Improve your Sporting Performance with the Alexander Technique

This article addresses injuries in sports & exercise
Author: Carla Radford Published: 30th April 2010 17:22
Whatever your chosen sport, and whether you play for fun or are a dedicated professional, the Alexander Technique can help to improve both your performance and enjoyment.

It’s not just another exercise regime or sports therapy, but a method of helping you to become more consciously aware of your body and how you use it. This can lead to:

improved balance and coordination
reduced stress and strain
better mobility and efficiency of movement
improved breathing
less risk of injury
faster recovery
Most people stand, walk, run and perform other physical movements automatically. If you want to move from A to B you can do so without thinking about precisely how to move each joint or noticing the exact position of your limbs. You will also be unaware of any postural bad habits you have picked up over the years and how they are adversely affecting your ability to win races, score goals or hit that elusive hole-in-one.

But you will notice the pain and discomfort caused by constantly putting undue strain on some parts of your body. Many people discover The Alexander Technique when they are looking for a cure for backache or other joint pains.

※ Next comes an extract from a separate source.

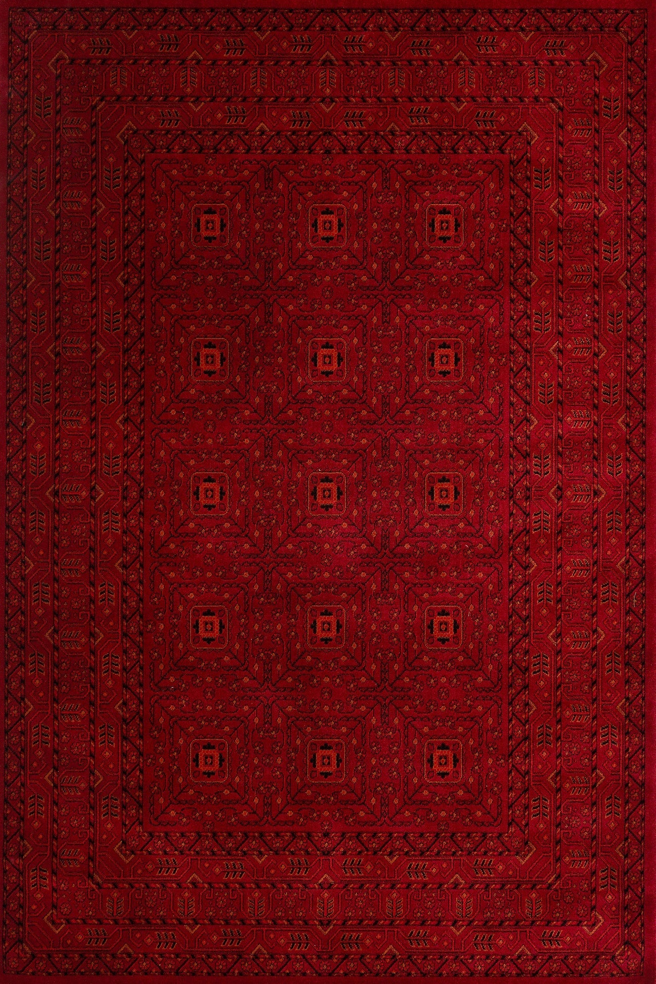 Kırmızı Etnik Modern Etnik Desenli Halı

The Alexander Technique is a self-help system. A qualified teacher (check that he or she is a member of the Society of Teachers of the Alexander Technique) will guide you to identify the harmful tensions and stresses within your body and help you to explore ways of correcting them. The experience is often enlightening in several ways. As well as learning how to prevent pain, the Technique can alter the way you think about and approach all physical movement. It re-educates you to use your body as nature intended.

One aspect of the Alexander Technique that can be especially useful for sportsmen and women is breaking the habit of ‘end-gaining’. This means concentrating on the desired outcome of movement without noticing how that movement is being performed. A runner will imagine crossing the finishing line; a tennis player will be looking at the spot where the ball should land. Learning to shift attention to how you are moving rather than why can make the difference between success and failure.

If you want to get maximum enjoyment out of sport, while minimising the wear and tear on your body, The Alexander Technique can be of great benefit. It is suitable for people of all ages and fitness levels, from teenagers hoping for professional football careers to those taking up golf in retirement.